TGRR 03-21-2009 01:00 AM

Quote:

Originally Posted by Beestie (Post 547619)
The government has no conscience. Just an appetite and the will to survive.

Oddly enough, you can say the same thing about a corporation.

TheMercenary 03-21-2009 02:19 AM

Quote:

Originally Posted by TGRR (Post 547705)
And the purpose of the government is to hand no-bid contracts to people like Halliburton,

There actually was no problem with this at the beginning of the war. Later it was a problem.

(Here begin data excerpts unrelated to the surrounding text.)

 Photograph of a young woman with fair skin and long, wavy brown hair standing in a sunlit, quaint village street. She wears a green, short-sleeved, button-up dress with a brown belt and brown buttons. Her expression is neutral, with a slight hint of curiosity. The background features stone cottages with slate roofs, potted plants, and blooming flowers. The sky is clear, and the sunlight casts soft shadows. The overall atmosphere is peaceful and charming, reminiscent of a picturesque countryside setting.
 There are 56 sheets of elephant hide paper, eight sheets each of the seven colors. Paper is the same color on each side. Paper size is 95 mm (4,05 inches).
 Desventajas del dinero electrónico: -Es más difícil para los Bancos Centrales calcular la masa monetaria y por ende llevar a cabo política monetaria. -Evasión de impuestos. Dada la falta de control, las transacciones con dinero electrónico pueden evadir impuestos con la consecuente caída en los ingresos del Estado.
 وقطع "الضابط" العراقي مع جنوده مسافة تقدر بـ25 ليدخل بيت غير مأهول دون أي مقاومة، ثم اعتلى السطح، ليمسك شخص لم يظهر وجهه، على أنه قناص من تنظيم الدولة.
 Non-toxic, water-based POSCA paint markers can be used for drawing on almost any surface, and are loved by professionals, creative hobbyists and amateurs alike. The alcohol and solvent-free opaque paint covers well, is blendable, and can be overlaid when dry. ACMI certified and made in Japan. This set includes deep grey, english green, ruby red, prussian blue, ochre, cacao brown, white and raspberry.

xoxoxoBruce 03-21-2009 03:26 AM

Personal Income tax is only half the picture.
Quote:

2008 projections
1,146 billion - individual income taxes
275 billion - corporate income taxes
906 billion - social security taxes
81 billion - excise taxes
25 billion - estate and gift taxes
25 billion - customs duties
47 billion - miscellaneous receipts
TOTAL - 2,506 billion
But personal income tax rates are subject to checks and balances.

The poor ain't got no money - moot

The middle class have lots of votes - check

The rich kick in more campaign funds - balance

Ain't easy being a politician. :haha:

Beestie 03-21-2009 10:29 AM

Quote:

Originally Posted by TGRR (Post 547706)
Oddly enough, you can say the same thing about a corporation.

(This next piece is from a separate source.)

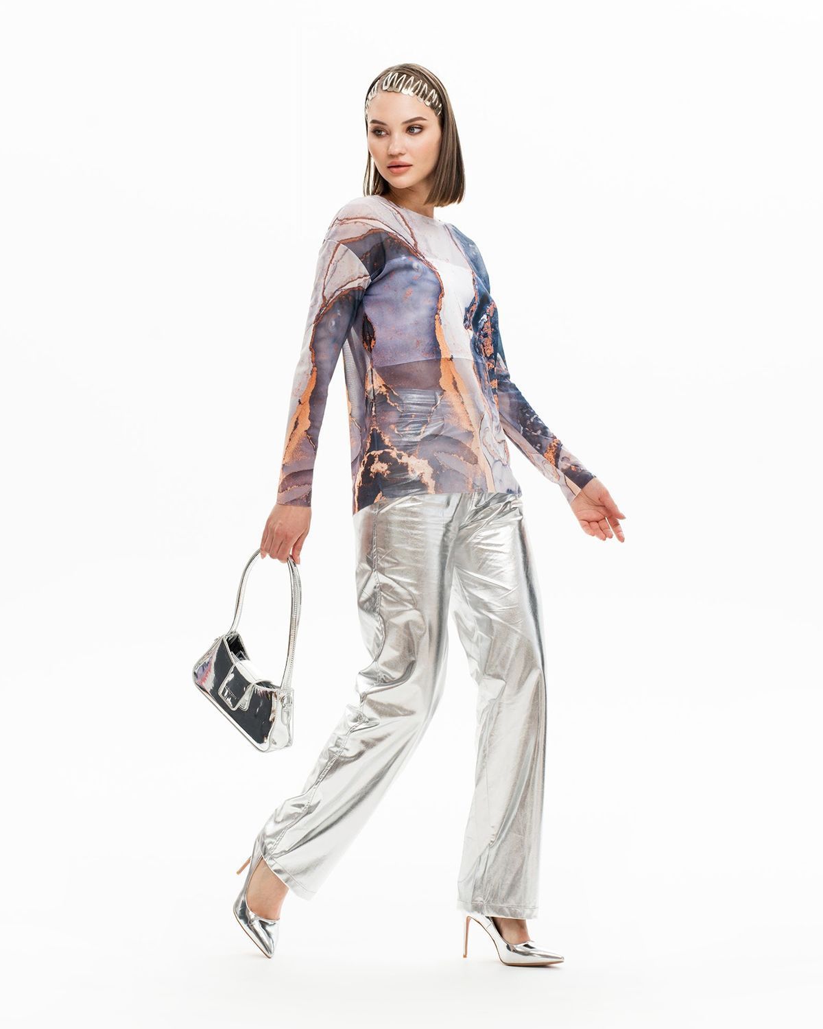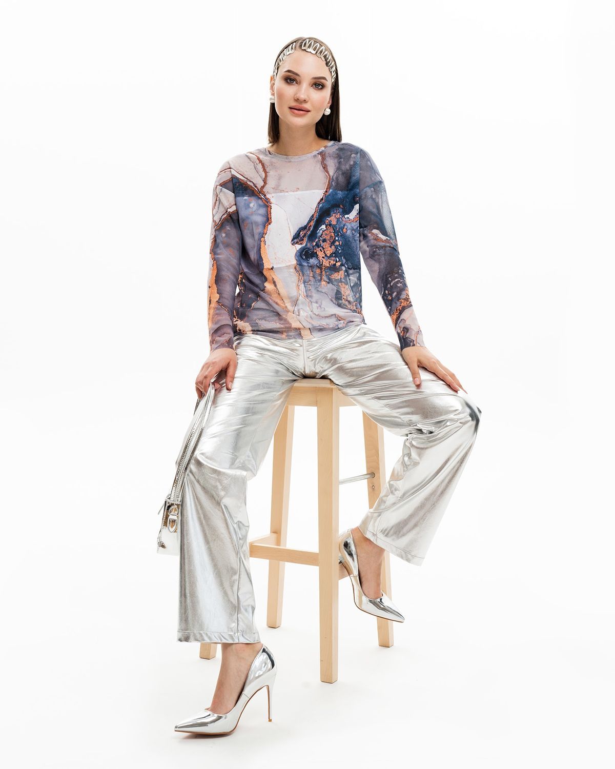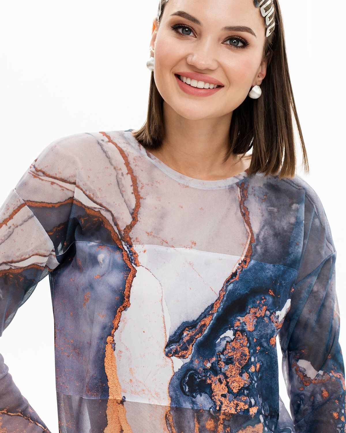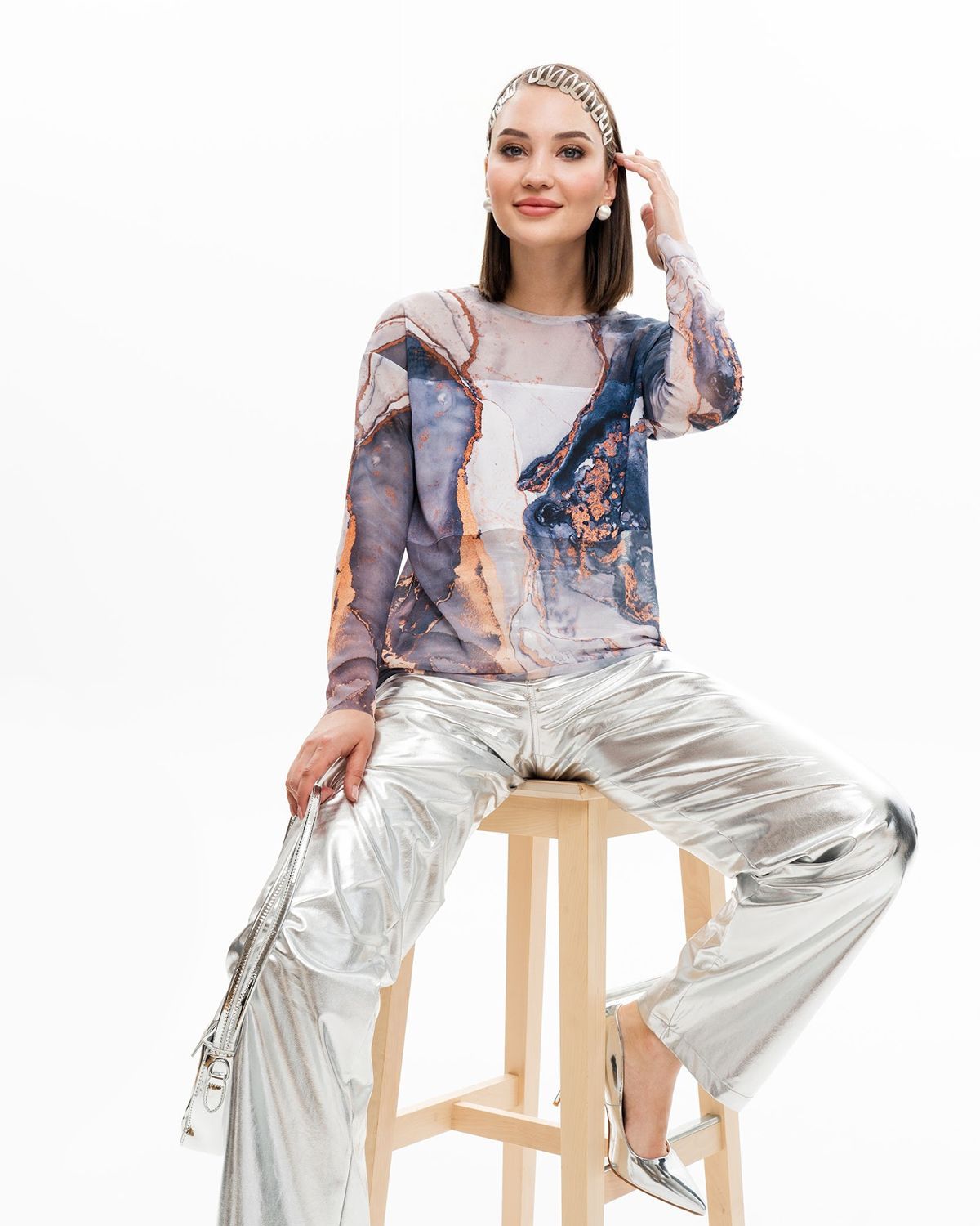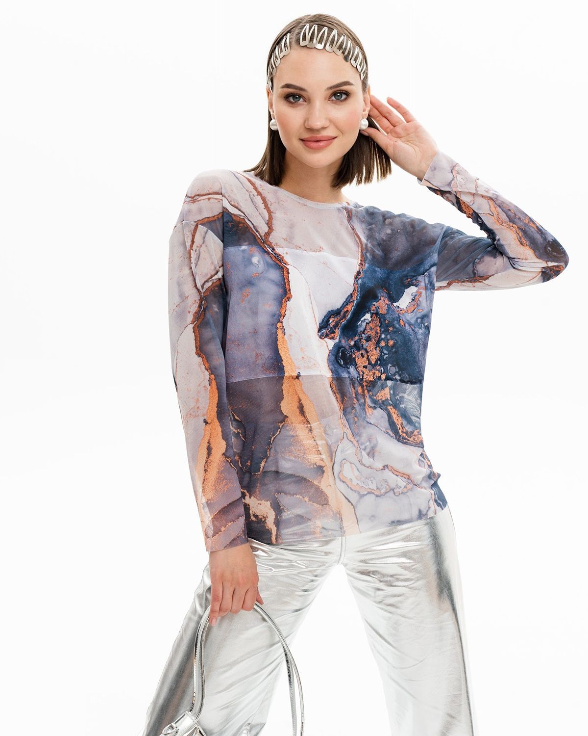 Сеточка с принтом «Мрамор» придаёт ему уникальный и изысканный вид, а тонкая кофточка нежно струится по телу, создавая кокетливый силуэт. Блузка с атласной вставкой добавляет нотку элегантности и шиковости, делая этот лонгслив особенно привлекательным для вечернего выхода.

True, but a corporation doesn't have police power.

Pico and ME 03-21-2009 10:41 AM

Quote:

Originally Posted by Beestie (Post 547768)
True, but a corporation doesn't have police power.

Yes they do...they borrow the governments.

DanaC 03-21-2009 06:50 PM

Quote:

Originally Posted by Pico and ME (Post 547770)
Yes they do...they borrow the governments.


Ftw.

TGRR 03-21-2009 08:28 PM

Quote:

Originally Posted by TheMercenary (Post 547720)
There actually was no problem with this at the beginning of the war. Later it was a problem.

No bid contracts are ALWAYS a problem.

xoxoxoBruce 03-22-2009 01:29 AM

Usually, but sometimes no-bid follow on contracts are practical and expedient.

TheMercenary 03-22-2009 08:36 AM

Quote:

Originally Posted by xoxoxoBruce (Post 547984)
Usually, but sometimes no-bid follow on contracts are practical and expedient.

Which is exactly what they were in the case of Haliburton at the time. Same for another independent contracting organizations and companies that had been in the business of supplying services to the military for years. There is a lot of ignorance and parroting of complaints about how this system works and how these companies, smartly, positioned themselves to do the good work that they did. The abuses cannot be ignored and neither can the good.

Redux 03-22-2009 09:48 AM

Quote:

Originally Posted by TheMercenary (Post 548075)
Which is exactly what they were in the case of Haliburton at the time. Same for another independent contracting organizations and companies that had been in the business of supplying services to the military for years. There is a lot of ignorance and parroting of complaints about how this system works and how these companies, smartly, positioned themselves to do the good work that they did. The abuses cannot be ignored and neither can the good.

Which is why it was unfortunate that several Republican Senators blocked the passage of the Contractors and Federal Spending Accountability Act last year....it passed in the House on a bi-partisan voice vote.